In regard to farmers purchasing our seed, it’s important to know that we have the dicamba-tolerant trait in our best germplasm so we can give growers our top technology in the best, highest-yielding seed. Farmers buy seed based on how it performs and in 2017 farmers planted 25 million acres of dicamba resistant soybeans and cotton. In 2018, that acreage increased to 50 million acres!
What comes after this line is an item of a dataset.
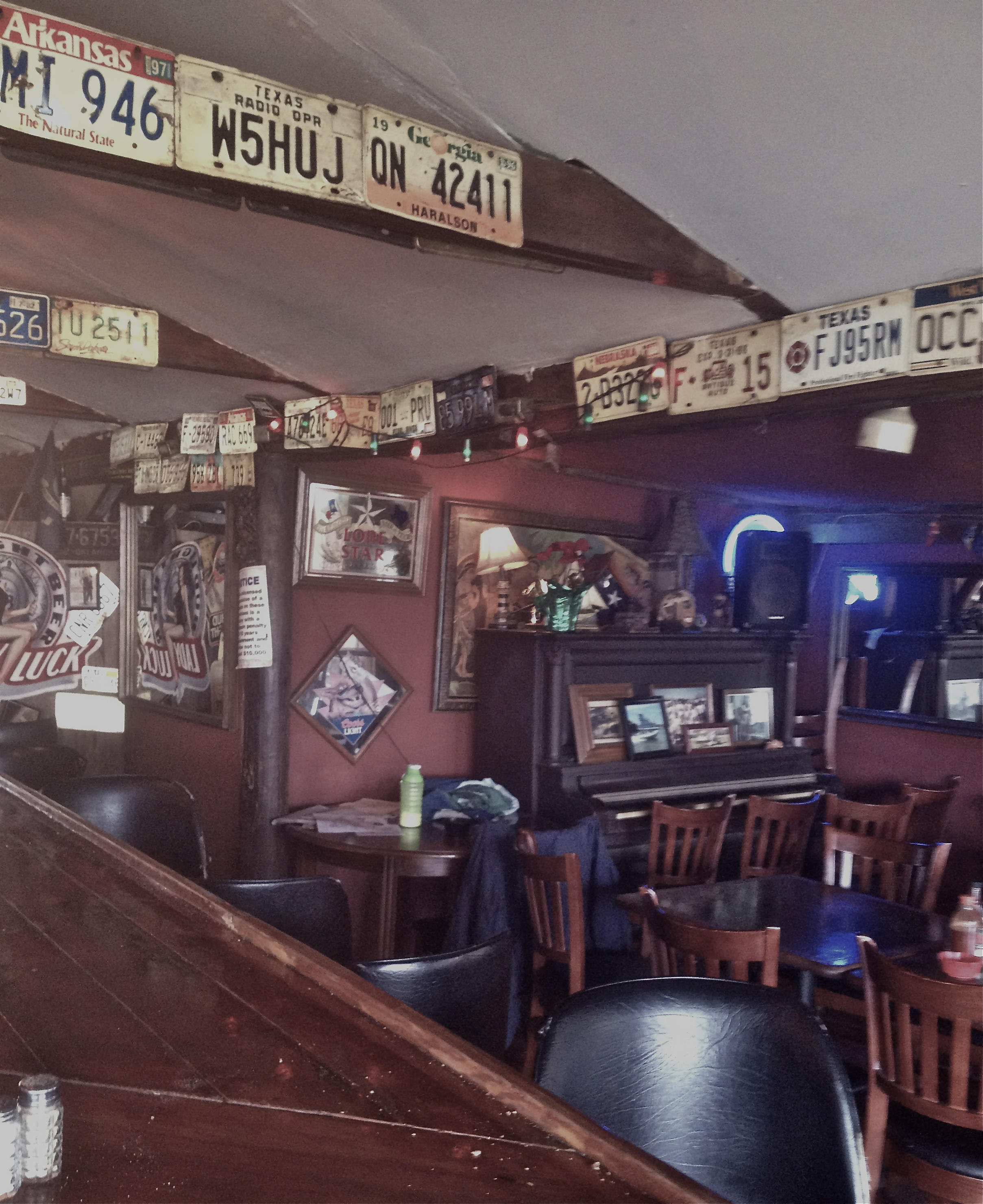 I don’t want to be insulting. They have to know this already. The place looks really bad. It’s a dive. Signs out front tell you three things … no kids are allowed; they only take cash; and you must leave your pets at home. The pet-friendly part wasn’t so hard to fathom and we didn’t bring any children with us, but we had to do a quick accounting of our combined cash. We usually have none, but since we had a couple of twenties on us, we took it as an omen and stepped inside.
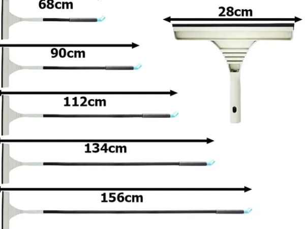 Borsten består av fyra förlängningssegment som ger en längd mellan 68 och 156 cm. Mikrofiberduken är avtagbar och tvättbar för återanvändning, och det ergonomiska handtaget ger en bekväm känsla vid rengöring. Den robusta konstruktionen med nylonborstar och slitstark skrapa bidrar till lång hållbarhet, och med snabb montering kan borsten enkelt tas isär för kompakt förvaring.

In regard to testing the technology, XtendiMax with VaporGrip Technology has been extensively researched and tested*. Prior to issuing a label, the EPA spent several years reviewing and analyzing that data and research. This season we’ve also partnered with 13 university programs to further evaluate VaporGrip Technology and the low-volatility profile of XtendiMax under various localized conditions. Initial research feedback and grower experiences further confirm that low-volatility dicamba formulations can be used successfully in-season, and we look forward to seeing full results from those academic collaborations. We invite you to reach out to those academics conducting XtendiMax research to hear their perspective. In addition, Monsanto is supporting multi-year research trials at 21 Land Grant Universities [monsanto.com] (including the University of Tennessee).
(*Additional background) Extensive testing and evaluation was conducted by Monsanto and third-parties, including GLP-compliant studies, large-scale field trials, greenhouse trials and lab tests which included more than 1,200 distinct tests in controlled environment, e.g. humidome and Hoophouse, and more than 25 field studies representing broad geographies were conducted. In case you are not aware of the history of the product, development of XtendiMax with VaporGrip Technology began with a product known as "M1691". And during 2012 and 2013, academics in Georgia, Arkansas, Mississippi, Indiana and Tennessee began testing M1691 for drift and weed control.